Tim Berners-Lee: we must regulate tech firms to prevent ‘weaponised’ web

TBL is rightfully indignant and concerned about the fact that “what was once a rich selection of blogs and websites has been compressed under the powerful weight of a few dominant platforms.” The Web, according to Berners-Lee, is at great risk of degenerating into a few big versions of Compuserve or AOL sucking up most of the bandwidth of the Internet, and most of the attention of its inhabitants. In an open letter, he outlines the dangers of putting so much power into hands that either see it as a burden, or who actively exploit it for evil.

I really really hate Facebook more than most, because it aggressively seeks to destroy all that is good about the Web, and it is ruthlessly efficient at doing so, regardless of the human costs. Yes, let’s kill that in any way that we can, because it is actually and actively evil, and shows no sign of getting any nicer. I am somewhat less concerned that Google gets 87% of all online searches (notwithstanding the very real dangers of a single set of algorithms shaping what we find), because most of Google’s goals are well aligned with those of the Web. The more openly people share and link, the better it gets, and the more money Google makes. It is very much in Google’s interest to support an open, highly distributed, highly connected Web, and the company is as keen as everyone else to avoid the dangers of falsehoods, bias, and the spread of hatred (which are among the very things that Facebook feeds upon), and, thanks to its strong market position and careful hiring practices, it is more capable of doing so than pretty much anyone else. Google rightly hates Facebook (and others of its ilk) not just because it is a competitor, but because it removes things from the open Web, probably spreads lies more easily than truths, and so reduces Google’s value.

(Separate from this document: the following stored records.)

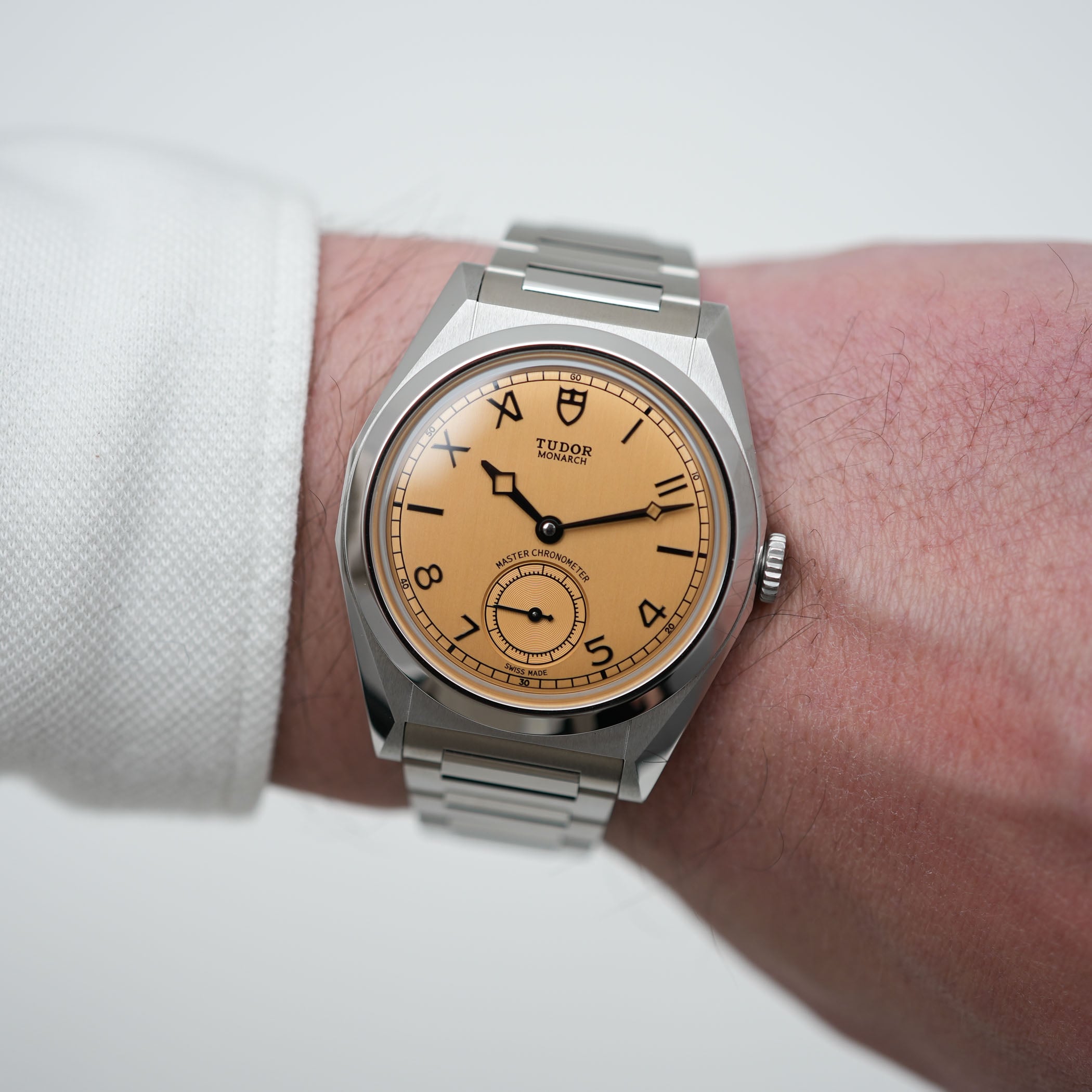 One of the best surprises we’ve seen during Watches & Wonders this year came from Tudor, which celebrated its 100th anniversary with the brand-new Monarch. It’s modelled after historic watches from the 1930s and 1940s, and comes with a 39mm wide faceted case in stainless steel, with a dark champagne coloured dial that shows a mix of Roman and Arabic numerals. The hands are especially intriguing, showing a new take on the classical Snowflake-style hands. The caseback reveals the in-house automatic Calibre MT5662-2U, which is both COSC and METAS certified. The stainless steel bracelet has H-shaped outer links with faceted inner links, that alternatite in finishing, and it features Tudor’s practical T-Fit clasp. Not bad, Tudor, not bad at all!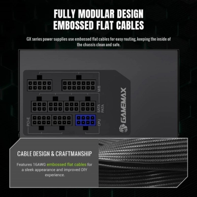 Модульний блок живлення GameMax GX 850GF, сертифікований за стандартом 80+ Gold, пропонує найвищу продуктивність у компактному корпусі. Основні характеристики: • Висока ефективність: понад 92% ефективності завдяки технологіям LLC та DC-DC для економії енергії. • Тиха та холодна: вентилятор FDB для тихої роботи та ефективного розсіювання тепла. • Модульна конструкція: просте управління кабелями для чистішої конструкції та покращеного повітряного потоку. • Стабільна та довговічна: повністю твердотільні конденсатори та SMT-компоненти забезпечують тривалу надійність. • Широка сумісність: підтримує найновіші відеокарти та повний діапазон вхідної напруги. • Захист: сім рівнів захисту захищають вашу систему від пошкоджень.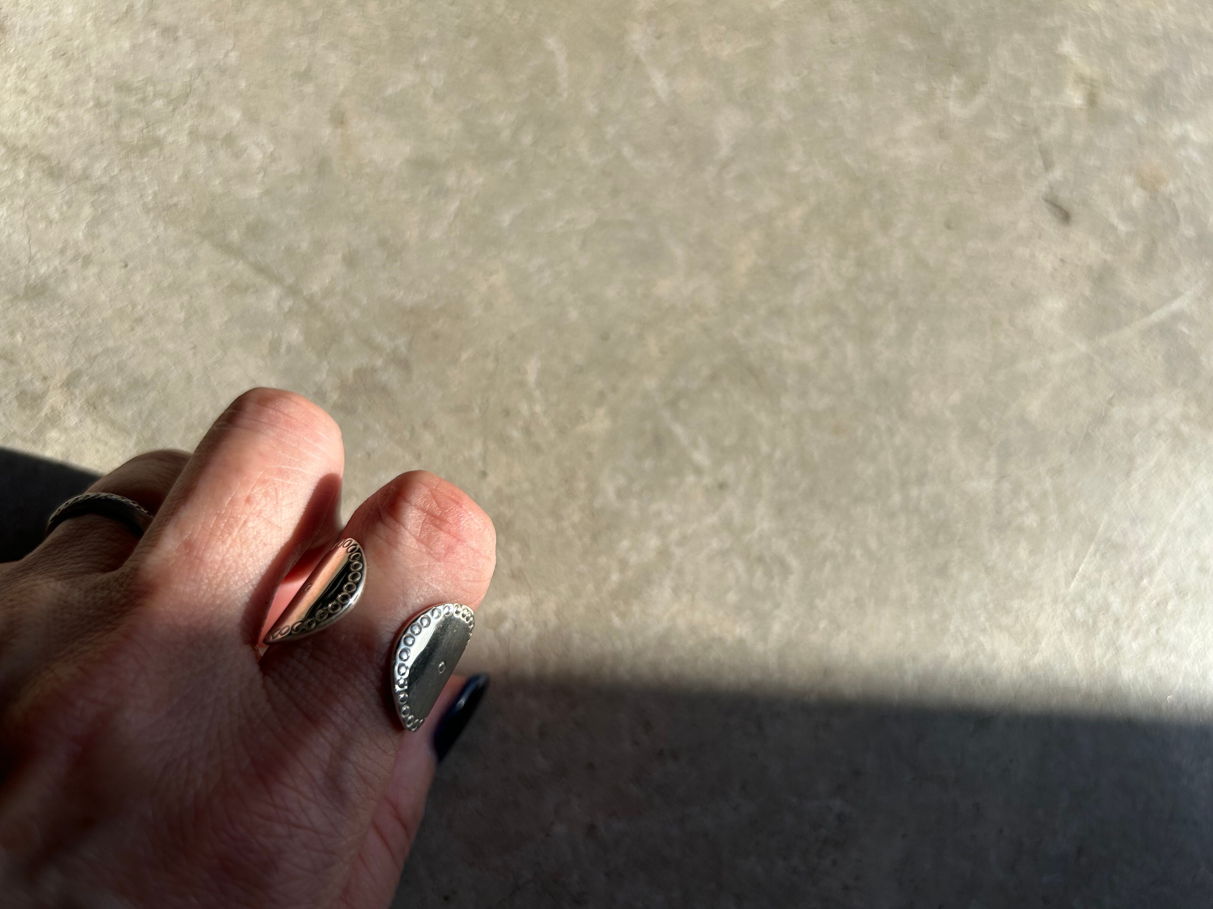 繋がらないデザインは表と裏で表情が変わるため、その日の気分で変化をつけられるのも嬉しいリングです。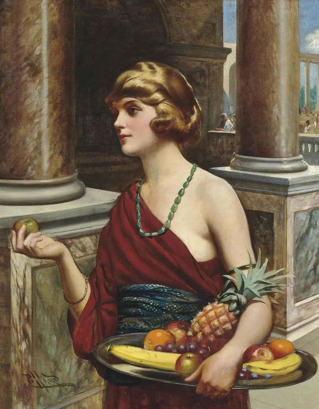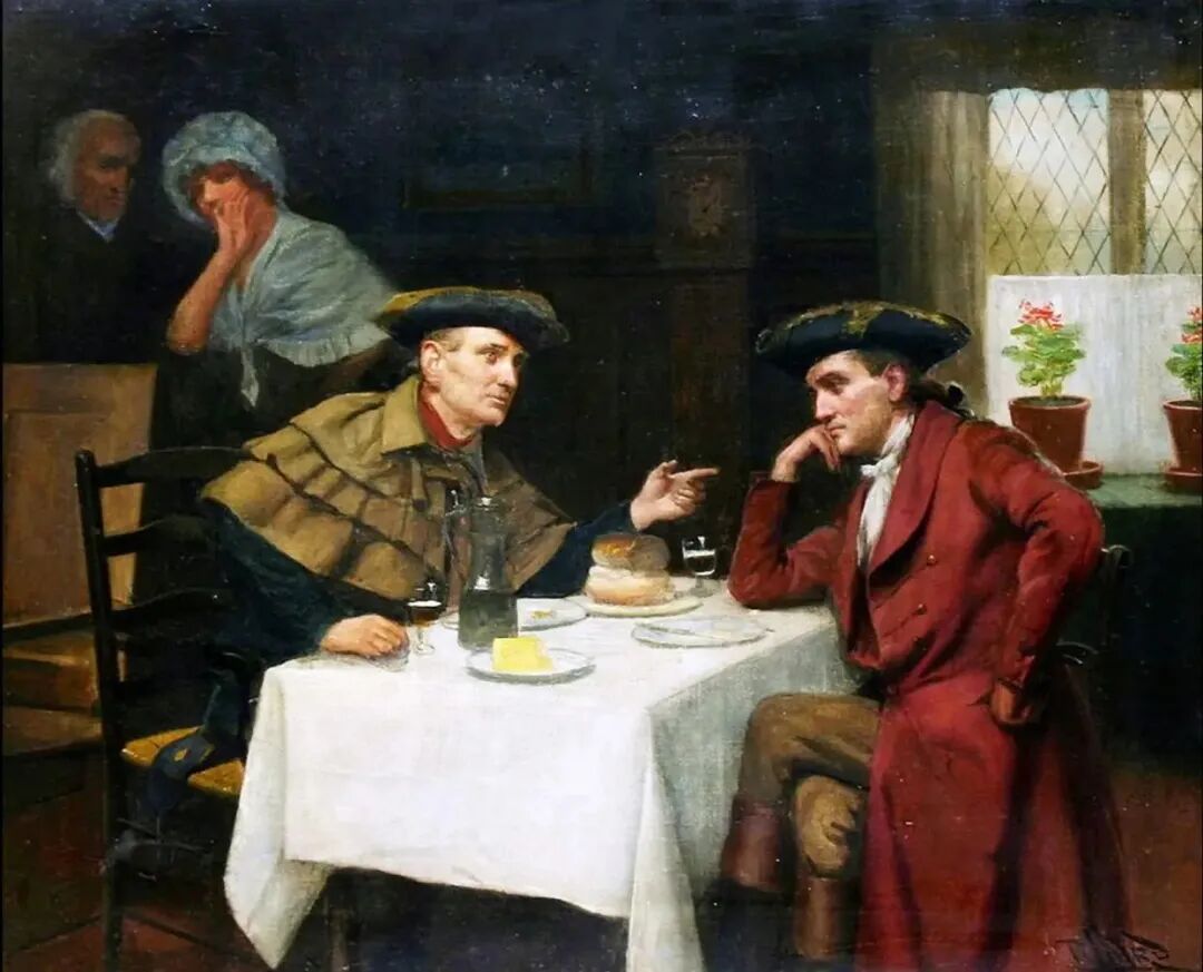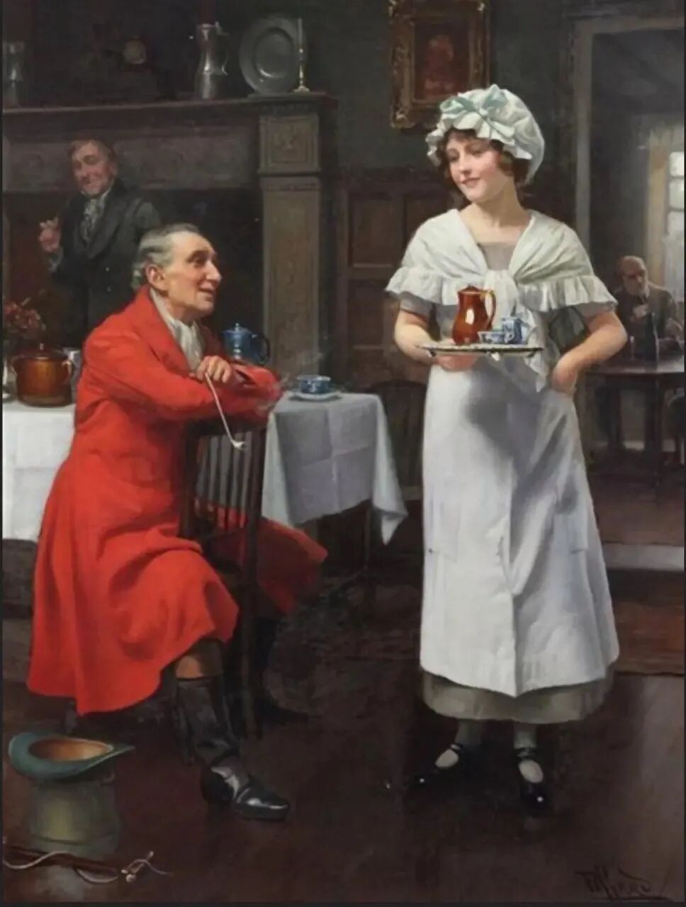 端着水果盘的侍女穿着白裙戴着有花边的白帽,看上去单纯又可爱,这位上流社会的红衣老男人对她非常感兴趣,忙着和她搭讪聊天!后面有一位男子,很羡慕地看着他们!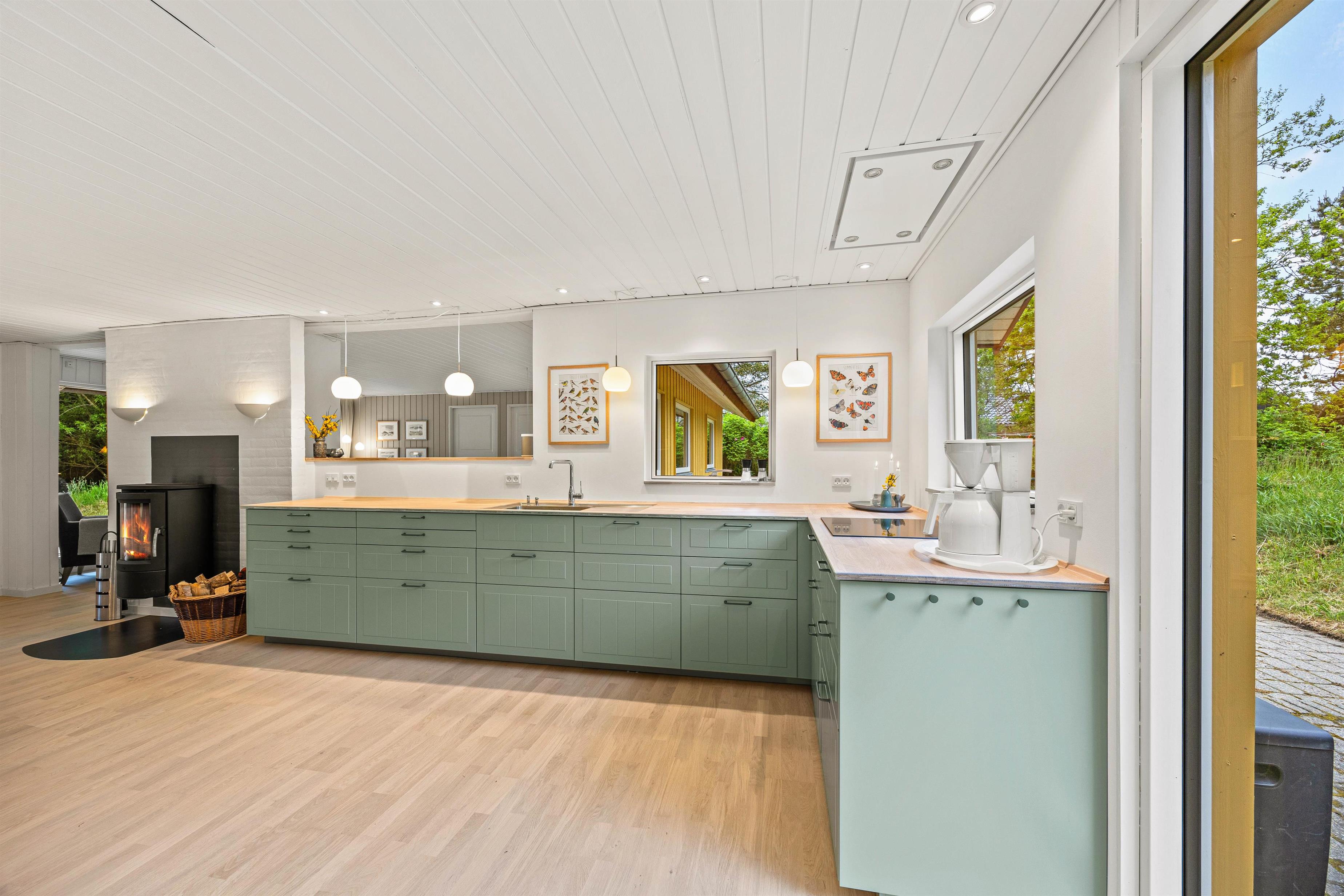 Efter en dag med udendørsaktiviteter kan I inde i huset på kolde dage nyde en afslappende stund foran den knitrende brændeovn, der spreder varme og hygge i sommerhuset. Der er en chromecast i sommerhuset, så I kan se en sjov film, som I selv har valgt.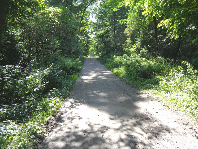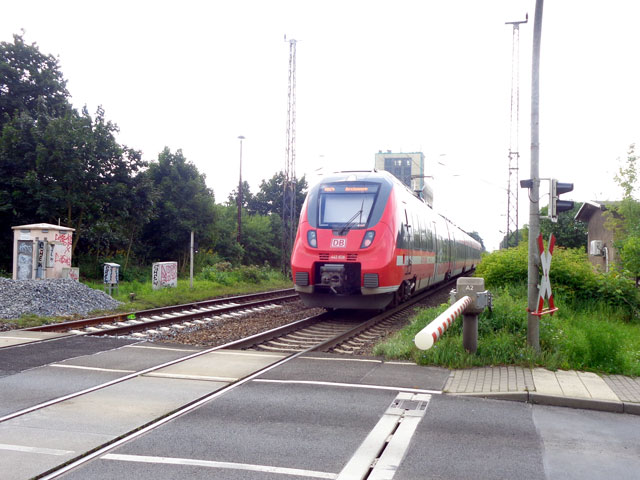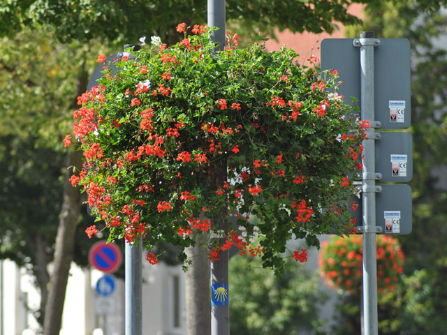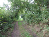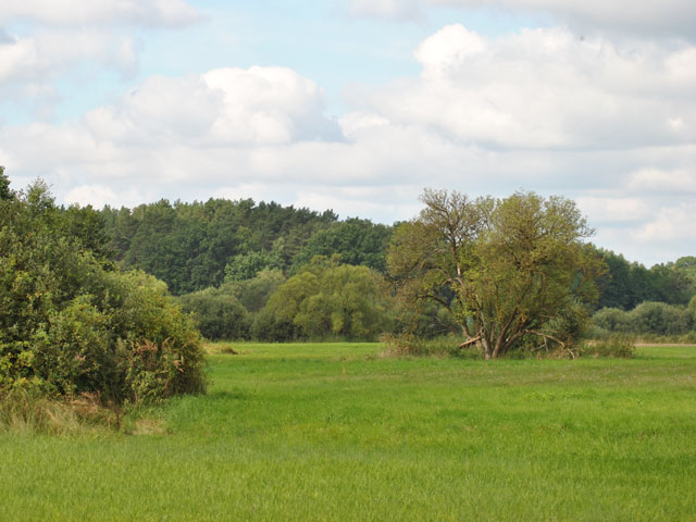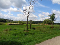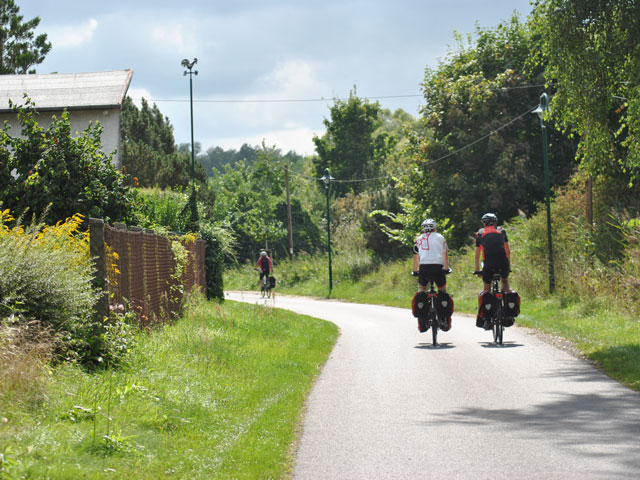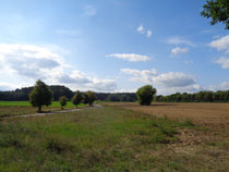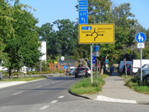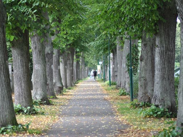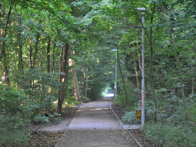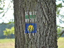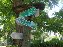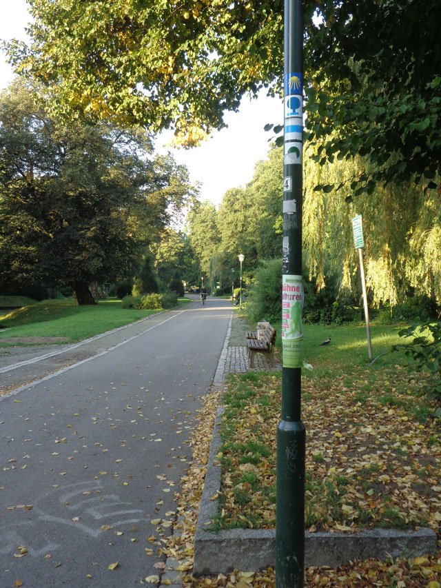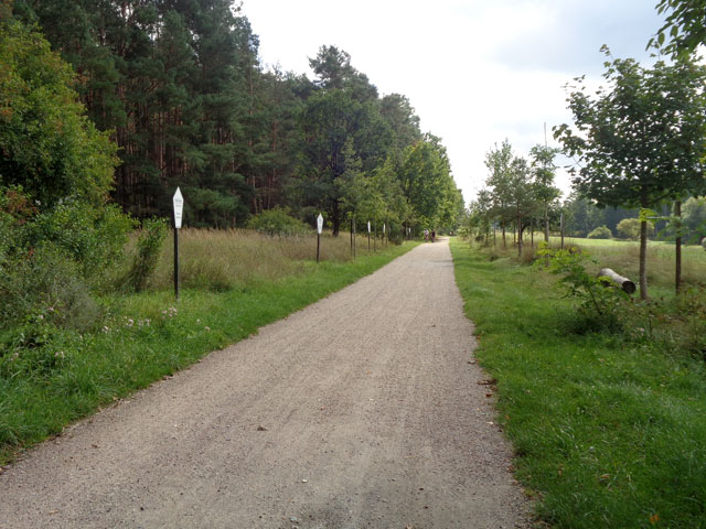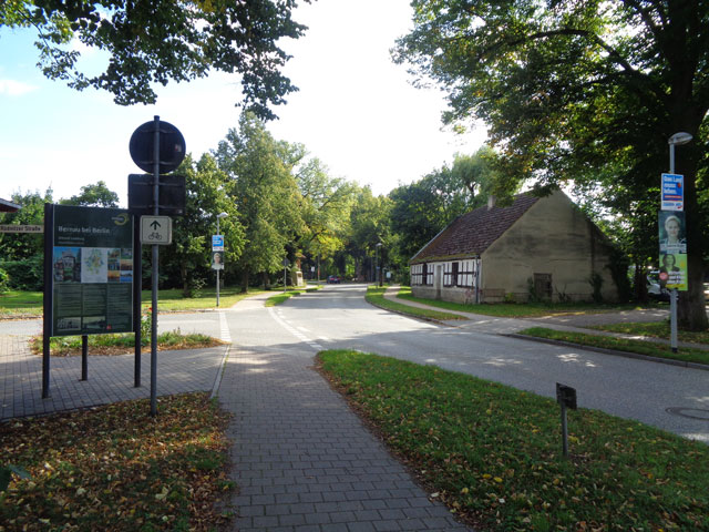 | Der ausgeschilderte Jakobsweg zweigt noch in Ladeburg von der Bernauer Straße ab und verläuft schnurgerade entlang der Zepernicker Landstraße, die teils von Wohnsiedlungen, teils von Feldern begrenzt wird und irgendwann ihren Namen in „Kirschgarten“ wechselt.

I am somewhat bothered that the top 100 sites (according to WIkipedia, based on Alexa and SimilarWeb results) probably get far more traffic than the next few thousand put together, and that the long tail pretty much flattens to approximately zero after that. However, that’s an inevitable consequence of the design of the Web (it’s a scale-free network subject to power laws), and ‘approximately zero’ may actually translate to hundreds of thousands or even millions of people, so it’s not quite the skewed mess that it seems. It is, as TBL observes, very disturbing that big companies with big pockets purchase potential competitors and stifle innovation, and I agree that (like all monopolies) they should be regulated, but there’s no way they are ever going to get everything or everyone, at least without the help of politicians and evil legislation, because it’s a really long tail.

It is also very interesting that even the top 10 – according to just about all the systems that measure such things – includes the unequivocally admirable and open Wikipedia itself, and also Reddit which, though now straying from its fully open model, remains excellently social and open. In different ways, both give more than they take.

It is also worth noting that there are many different ways to calculate rank. Moz.com (based on the Mozscape web index of 31 Billion domains and 165 Billion pages) has a very different view of things, for instance, in which Facebook doesn’t even make it to the domains listing, and is way below WordPress and several others in the popular pages list, which is a direct result of it being a closed and greedy system. Quantcast’s perspective is somewhat different again, albeit only focused on US sites which are a small but significant portion of the whole.

Most significantly, and to reiterate the point because it is worth making, the long tail is very long indeed. Regardless of the dangers of a handful of gigantic platforms casting their ugly shadows over the landscape, I am extremely heartened by the fact that, now, over 30% of all websites run on WordPress, which is both open source and very close to the distributed ideal that TBL espouses, allowing individuals and small communities to stake their claims, make a space, and link (profusely) with one another, without lock-in, central control, or inhibition of any kind. That 30% puts any one of the big monoliths, including Facebook, very far into the shade. And, though WordPress’s nearest competitor (Joomla, also open source) accounts for a ‘mere’ 3% of all websites, there are hundreds if not thousands of similar systems, not to mention a huge number of pages (50% of the total, according to W3Techs) that people still roll for themselves.

Yes, the greedy monoliths are extremely dangerous and should, where possible, be avoided, and it is certainly worth looking into ways of regulating their activities, nationally and internationally, as many governments are already doing and should continue to do so. We must ever be vigilant. But the Web continues to grow, and to diversify regardless of their pernicious influence because it is far bigger than all of them put together.

Facebook has a Big Tobacco Problem

A perceptive article listing some of Facebook’s evils and suggesting an analogy between the tactics used by Big Tobacco and those used by the company. I think there are a few significant differences. Big Tobacco is not one company bent on profit no matter what the cost. Big tobacco largely stopped claiming it was doing good quite a long time ago. And Big Tobacco only kills and maims people’s bodies. Facebook is aiming for the soul. The rest is just collateral damage.

Facebook’s days may be numbered as UK youth abandon the platform

The end of Facebook couldn’t come soon enough, but we’ve been reading headlines not unlike this for around a decade, yet still its malignant tumour in the lungs of the Web grows, sucking the air out of all good things.

Despite losses in the youth market (not only in the UK), as the article notes, Facebook has deep pockets and is metastasizing at a frightening rate. Instagram and WhatsApp are only the most prominent recent growths, and no doubt far from the last. Also, the main tumour itself is still evolving, backed by development funding that staggers belief. It would take a lot to cure us of this awful thing. On the optimistic side, however, Metcalfe’s Law works just as well in reverse as going forward. Networks can grow exponentially, but they can shrink just as fast. Perhaps these small losses will be the start of a cascade. Let’s hope so.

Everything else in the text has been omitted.